- Study material:
*** Begin section ***
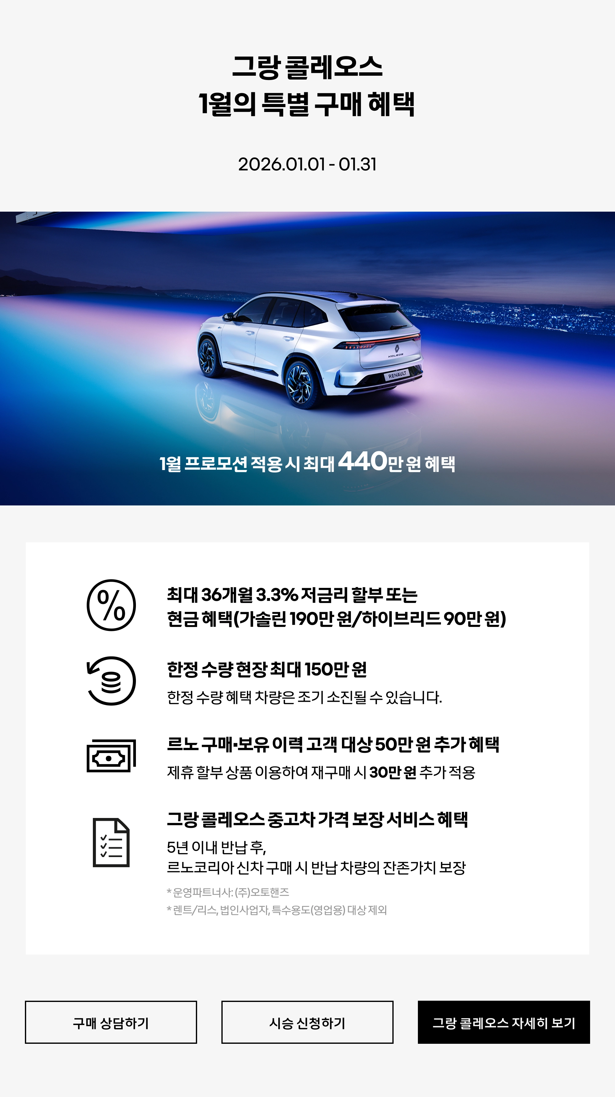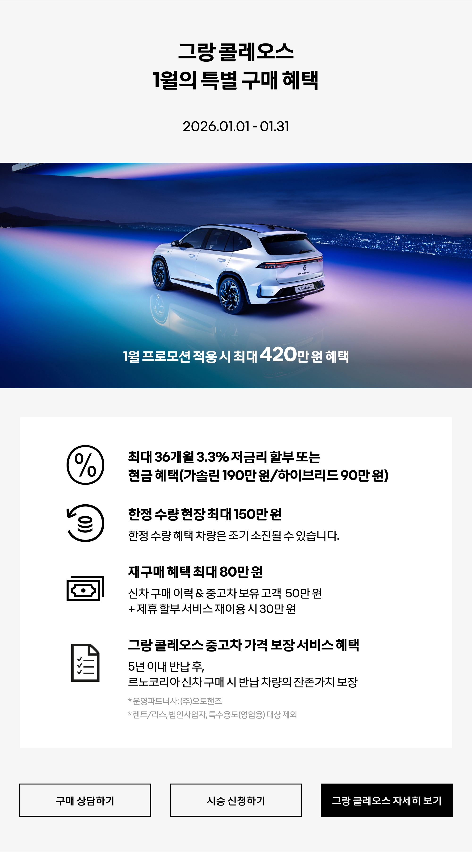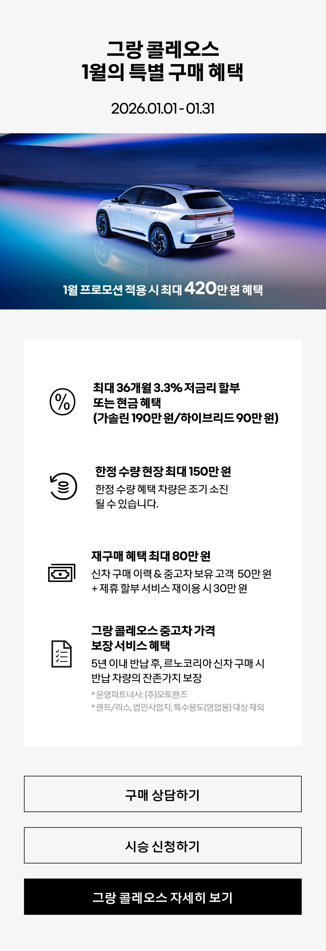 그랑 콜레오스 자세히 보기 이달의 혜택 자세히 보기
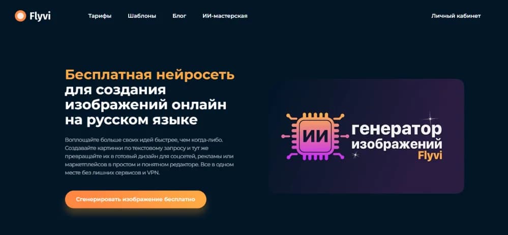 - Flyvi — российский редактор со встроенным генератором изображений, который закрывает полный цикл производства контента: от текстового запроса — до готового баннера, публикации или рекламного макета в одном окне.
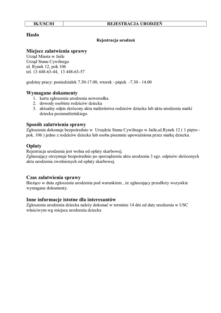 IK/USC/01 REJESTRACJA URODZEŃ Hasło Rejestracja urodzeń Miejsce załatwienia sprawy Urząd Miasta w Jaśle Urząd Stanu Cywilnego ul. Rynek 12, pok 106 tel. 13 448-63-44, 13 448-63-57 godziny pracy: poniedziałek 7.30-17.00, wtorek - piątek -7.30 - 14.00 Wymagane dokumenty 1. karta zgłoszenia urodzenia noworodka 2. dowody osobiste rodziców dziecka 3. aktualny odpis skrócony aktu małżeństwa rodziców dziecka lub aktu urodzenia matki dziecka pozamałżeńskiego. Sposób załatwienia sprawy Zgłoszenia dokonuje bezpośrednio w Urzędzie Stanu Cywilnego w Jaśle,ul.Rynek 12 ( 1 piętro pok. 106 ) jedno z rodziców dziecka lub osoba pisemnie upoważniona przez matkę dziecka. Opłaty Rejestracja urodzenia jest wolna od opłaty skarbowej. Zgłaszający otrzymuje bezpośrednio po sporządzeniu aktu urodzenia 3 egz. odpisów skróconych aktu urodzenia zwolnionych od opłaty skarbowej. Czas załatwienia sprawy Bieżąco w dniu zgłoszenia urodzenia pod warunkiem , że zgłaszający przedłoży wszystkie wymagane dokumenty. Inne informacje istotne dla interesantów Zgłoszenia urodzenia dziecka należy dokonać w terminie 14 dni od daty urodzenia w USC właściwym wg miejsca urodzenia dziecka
*** End section ***
*** Begin section ***
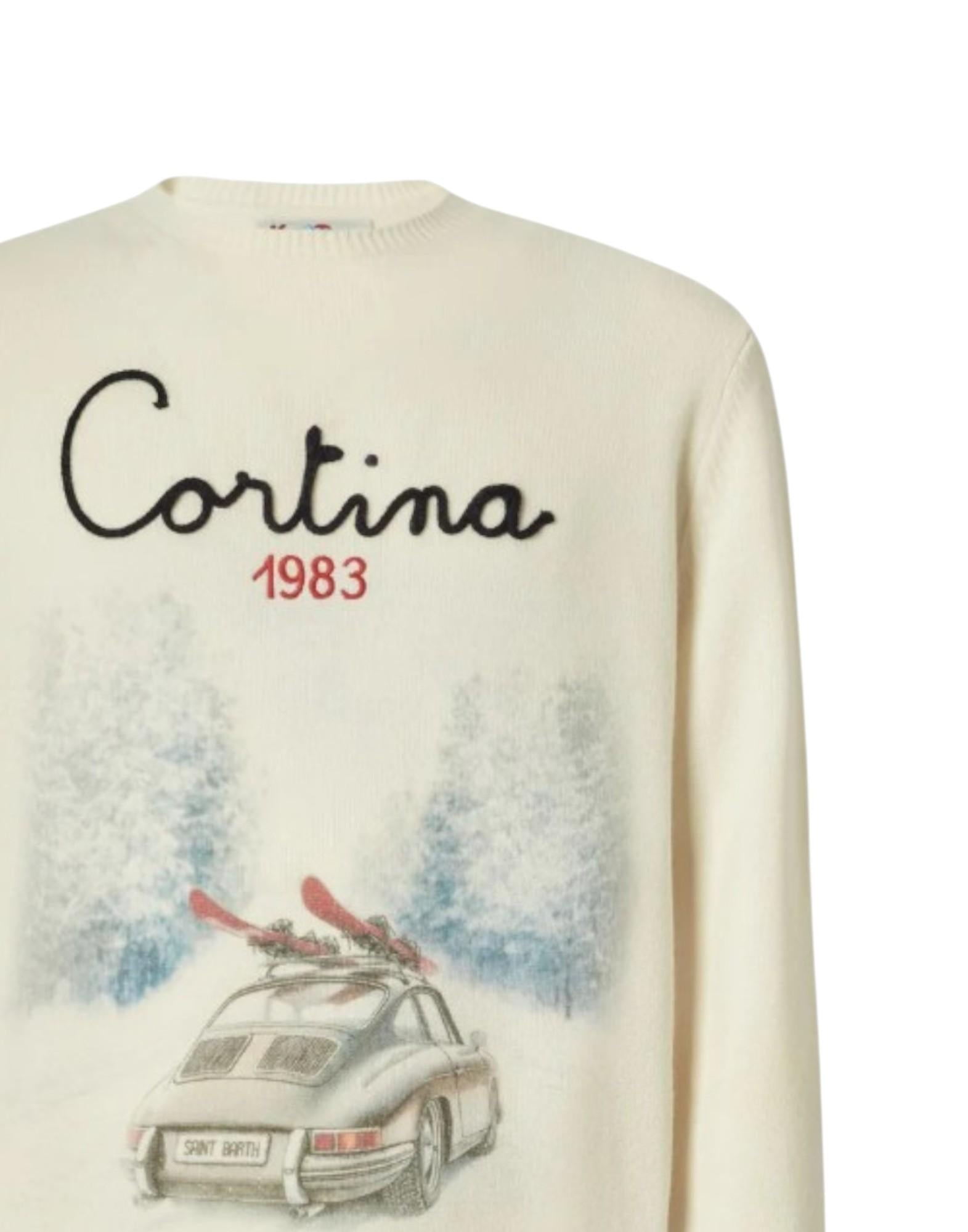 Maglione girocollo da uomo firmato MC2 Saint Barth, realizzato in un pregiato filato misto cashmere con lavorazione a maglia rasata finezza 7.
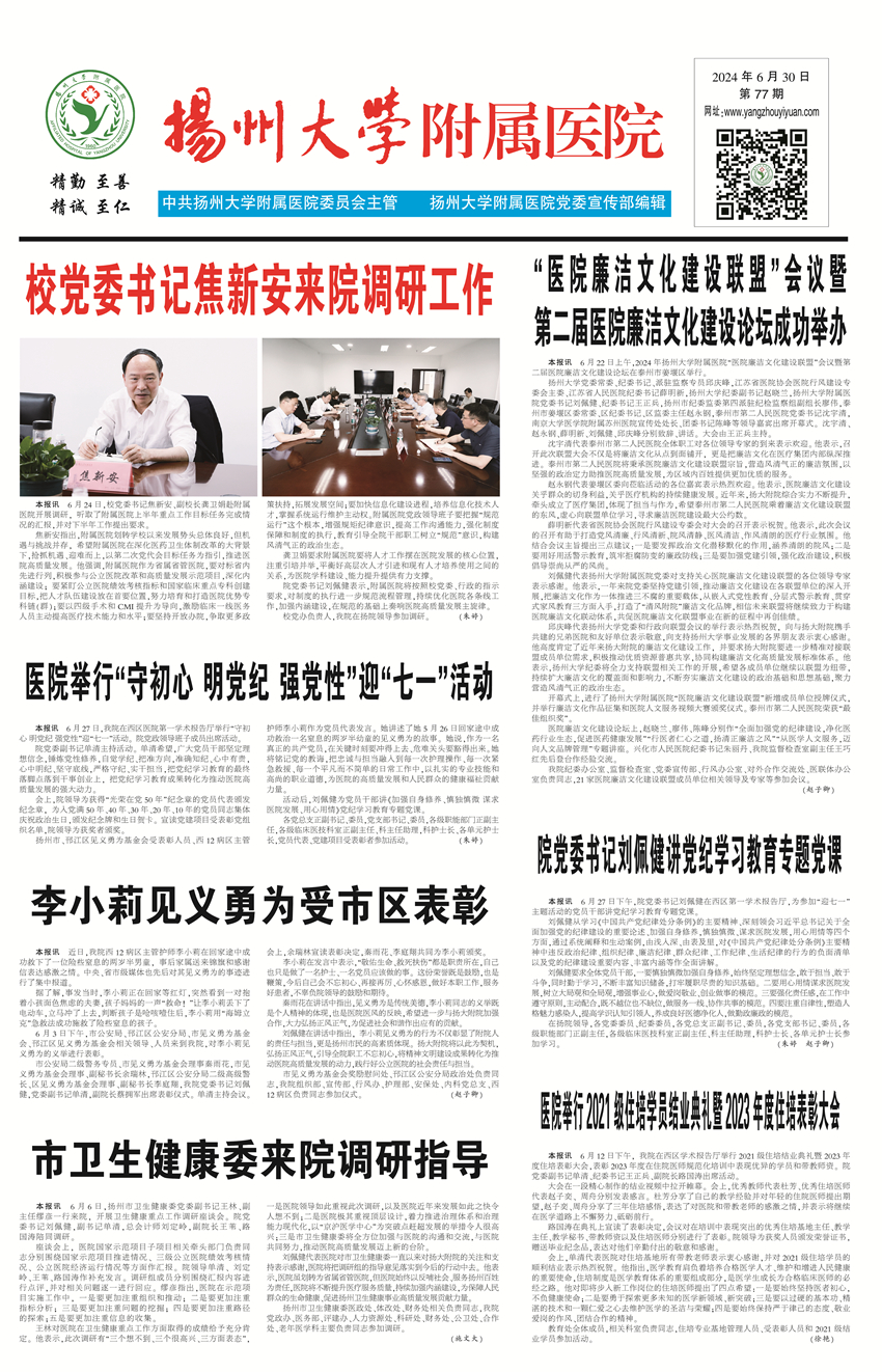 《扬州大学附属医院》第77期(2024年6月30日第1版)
*** End section ***
- Assignment: Find the line with "- Flyvi — российский" in the data above, and from there retype each line exactly through the line with "IK/USC/01 REJESTRACJA URODZEŃ", skipping the pictures along the way.

- Written response:
 - Flyvi — российский редактор со встроенным генератором изображений, который закрывает полный цикл производства контента: от текстового запроса — до готового баннера, публикации или рекламного макета в одном окне.
 IK/USC/01 REJESTRACJA URODZEŃ Hasło Rejestracja urodzeń Miejsce załatwienia sprawy Urząd Miasta w Jaśle Urząd Stanu Cywilnego ul. Rynek 12, pok 106 tel. 13 448-63-44, 13 448-63-57 godziny pracy: poniedziałek 7.30-17.00, wtorek - piątek -7.30 - 14.00 Wymagane dokumenty 1. karta zgłoszenia urodzenia noworodka 2. dowody osobiste rodziców dziecka 3. aktualny odpis skrócony aktu małżeństwa rodziców dziecka lub aktu urodzenia matki dziecka pozamałżeńskiego. Sposób załatwienia sprawy Zgłoszenia dokonuje bezpośrednio w Urzędzie Stanu Cywilnego w Jaśle,ul.Rynek 12 ( 1 piętro pok. 106 ) jedno z rodziców dziecka lub osoba pisemnie upoważniona przez matkę dziecka. Opłaty Rejestracja urodzenia jest wolna od opłaty skarbowej. Zgłaszający otrzymuje bezpośrednio po sporządzeniu aktu urodzenia 3 egz. odpisów skróconych aktu urodzenia zwolnionych od opłaty skarbowej. Czas załatwienia sprawy Bieżąco w dniu zgłoszenia urodzenia pod warunkiem , że zgłaszający przedłoży wszystkie wymagane dokumenty. Inne informacje istotne dla interesantów Zgłoszenia urodzenia dziecka należy dokonać w terminie 14 dni od daty urodzenia w USC właściwym wg miejsca urodzenia dziecka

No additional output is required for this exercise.